Originally posted by wolfgang59
1. Yes of course. No such thing as a free (energy) lunch.
2. The pump extracts energy from cool air outside, warms the inside and
pumps out cold air. The insulation of my house is irrelevant. (So much so
that my 11 year-old thinks it OK to leave all doors and windows open!)
Could you answer my previous questions so that I can see where I'm going wrong?
Yes, the COP is bigger than 1, but this misses the point. A heat pump is a heat engine running in reverse. In the ideal case a pump and an engine are symmetric; if you have to supply 5kW of heating to an ideal engine to get 1kW of power out then, if you set it to pump mode, you'll have to supply 1kW of power to it in order to get 5kW of heating out.

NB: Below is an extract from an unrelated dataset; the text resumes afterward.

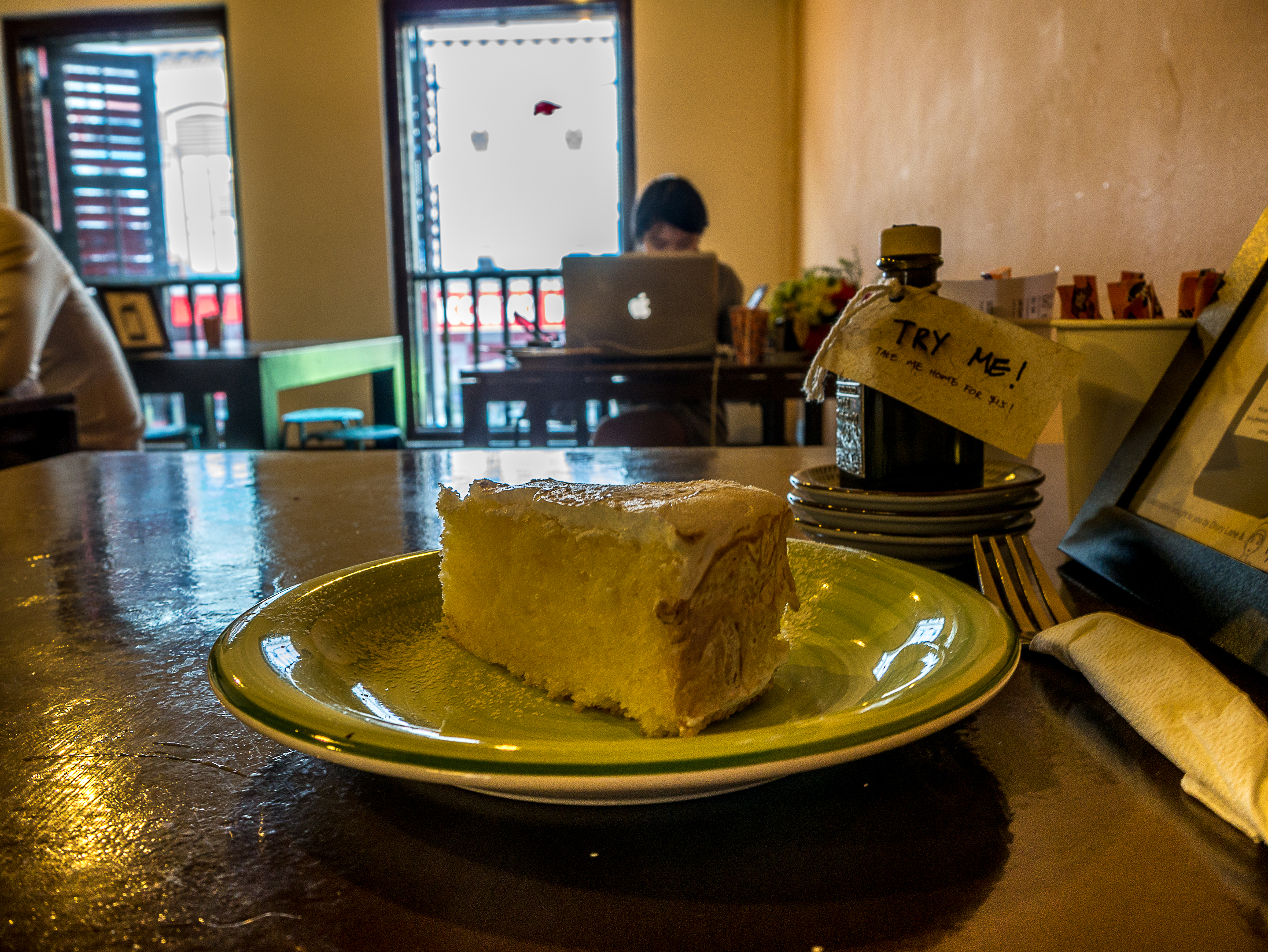 Lorsque Mélina, mon hôtesse à Pape’ete a su que j’allais à Singapour, elle m’a filé un cadeau et une adresse e-mail : celle de sa cousine qui travaille pour une grande banque ? Est-ce que je ne pourrais pas lui délivrer ce cadeau en main propre ? Ce serait plus sympa que de l’envoyer par courrier ! Pendant un mois, ce cadeau, bien amorti entre mes sacs à vêtements, s’est donc promené à travers le Pacifique, traversé presque la moitié de l’Océan Indien, avant d’être délivré sur la table de ce petit restaurant à ramens de Singapour où la cousine de Mélina m’a gentiment invitée. Je bénis cette coïncidence qui a fait que nous nous rencontrions en ce dernier jour, je ne plus seule avec mes pensées. On parle de sa cousine, de la Polynésie, de son boulot, de mon parcours pendant que j’enfile les nouilles fumantes et parfumées de mon bol. Comme d’habitude, au plus je parle, au moins je mange. La parole me remplit plus la panse que la nourriture en fait… Repue, je laisse la moitié de mon bol lorsque mon interlocutrice doit retourner au bureau. C’aurait pu être là ma toute dernière rencontre de voyage… mais pas tout à fait !

So if you have two of them coupled together the best you can hope for is break-even.
Suppose you keep your current heat pump and buy both an engine and a new heat pump. Provided that the new heat pump has the same efficiency as the old one it is like having one big heat pump of the same efficiency as two small ones. If I separate the function of heating the house from the function of providing heat for the engine it's easier to see what is happening.
The old pump continues to do its current job, keeping your house at 22 celcius against losses to the outside, it is powered by the mains. You choose settings on the new pump and engine so that all the heat the new pump pumps in is consumed by the engine. As I said above if they are ideal devices the engine supplies just enough power to keep the new pump running. This means the old pump has to do no extra work, but you can't turn it down either.
If the new pump and motor are less than ideal, which in real life they will be, then losses will ensure that there is an energy deficit. The heat lost is lost to the outside, because that is the cold reservoir and heat goes from hot to cold. This means that the old pump will have to work harder to keep the room at 22 celcius. The change in your electricity bill will be positive definite.